Study Period: one year from the start of treatment
Study Population: 100 patients who achieved SVR after receiving SOF/DAC± Ribavirin For HCV infection.
group A: patients achieved SVR after DAADs without development of HCC.
group B: patients achieved SVR after DAADs with development of HCC.
- inclusion criteria :-
1. Cirrhotic patients who achieved of SVR Confirmed by negative HCV PCR at 1 and 3 month after end of treatment.
2. Age >18 year
-exclusion criteria:-
1. Patients with other etiology of liver disease except HCV
2. patients with previously treated HCC
3. patients with extra hepatic tumors.
Sample method :- Convenience sampling
Sample Size:- 100 patients
Ethical Considerations :- the patient should be informed that they are included in our study to evaluate the genetic susceptibility for development of HCC after achieving SVR after DAAs
Study Interventions:-
All included patients will be subjected to the following:-
1- Full history taking : with detailed history regarding the used regimen of DAADs including doses and duration and side effects if occur.

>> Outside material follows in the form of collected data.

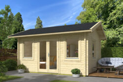 Include una doppia porta e finestre dotate di unità vetrata e realizzate in legno lamellare, soglia in acciaio inossidabile, travi di fondazione impregnate, elementi di fissaggio e istruzioni di installazione.
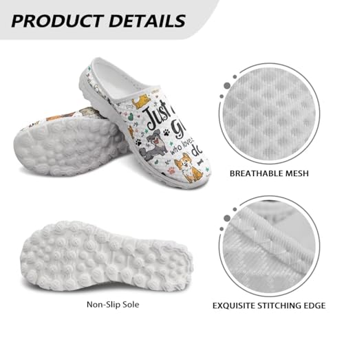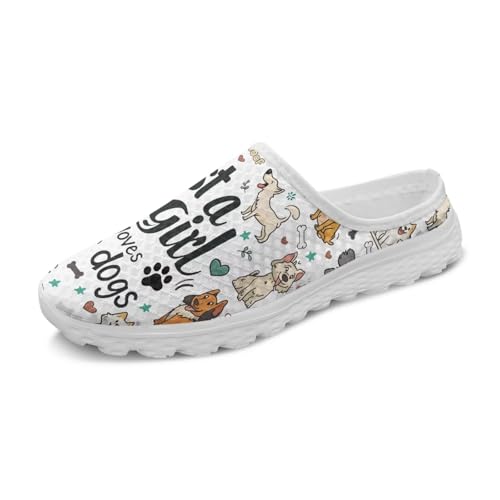 Dog Print Womens Mules Slip on Sneaker Round Toe Classic Garden Clogs Low Top Loafers Tennis Shoes 5
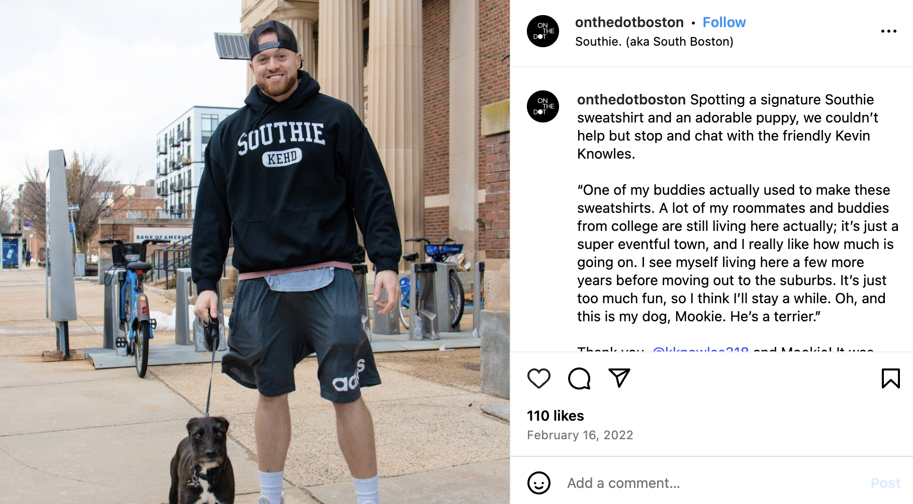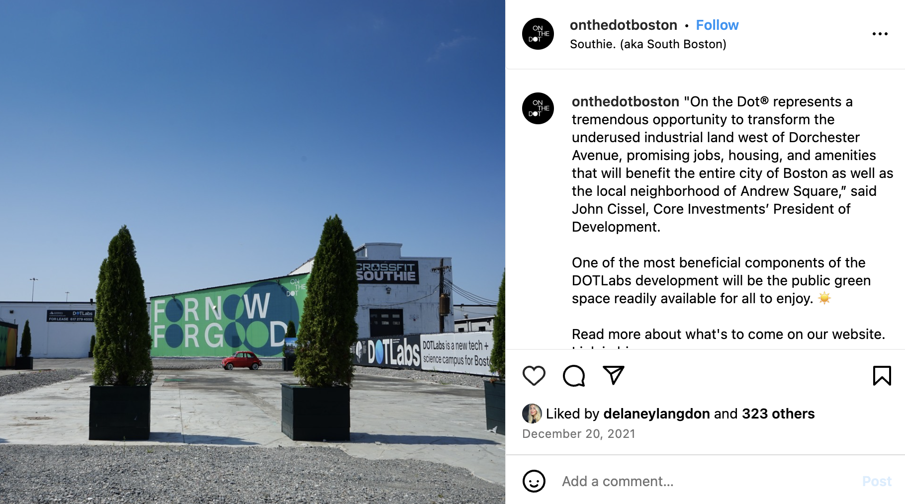 I conducted video and photo interviews with South Boston business owners and residents, before crafting engaging social media copy and edited the footage into dynamic Instagram Reels. Each piece of content was designed to amplify local voices and reinforce On the Dot’s brand identity as a “Place with Purpose.”

2- Full examination:- general including signs of LCF and local abdominal examination including liver, spleen and ascites
3- Laboratory investigations:- CBC, Alanine aminotransferase (ALT), Aspartate aminotransferase (AST) , serum total bilirubin , serum albumin and prothrombin time (Pt), serum creatinine, alphafetoprotein
4- HCV PCR at 1 and 3 months after end of treatment
5- Abdominal U/S at 1, 3 and 6 months after end of treatment.
6- Assessment of fibrosis : FIB-4 INDEX and APRI SCORE will be calculated for all patients and transient elastography if available.
7- Triphasic CT abdomen with contrast in suspected cases of HCC.
8- The patients will be tested for Single Nucleotide polymorphism (SNP) rs17047200 in TLL1 gene:-
⮚ Sample collection: whole blood will be collected from all patients and will be centrifuged to separate the buffy coat.
⮚ Genome DNA will be extracted from the buffy coat using a QiA Amp DNA blood mini kit (Qlagen, Germany).
⮚ Extraction of DNA: will take place in biosafety cabinets level II ( lobanco USA ) according to the manufactures instructions .
⮚ DNA sample obtained will be preserved at -80 c until further use .Genetic polymorphism of SNPs will be genotyped using Togman SNP genotyping Assays via a7500 Fast real-time PCR system (Applied biosystems , Foster city CA. USA ).
⮚ All laboratory work will be done at the Molecular and genetic unit of Medical Ain Shams research Inistitute ( MASRI).
Diagnosis of HCC :-
a- Abdominal ultrasound with doppler to detect :- hepatic focal lesions (size ,number, site, echogenecity, relation to surrounding and cystic or solid ), Detection of abdominal lymphadenopathy, vascular invasion by the tumor.
b- CT triphasic pelviabdominal: for diagnosis of HCC through the criteria of enhancement in the early arterial phase and washout in portovenous and delayed phases compared to the rest of the liver ( Ghanaati et al., 2012).also to detect size ,number , site of Hepatic focal lesion and the presence of vascular invasion.
c- Dynamic MRI with heavy T2 diffusion : To diagnose HCC that can’t be assessed or not conclusive in The triphasic PA CT .(Kanematsu et al., 2012).
● Statistical Analysis :- chi-square test will be used to compare between groups with qualitative data
● Statistical Package:- data will be collected, revised, coded and entered to the statistical package for social science SPSS version 23 the data will be presented as number and percentage.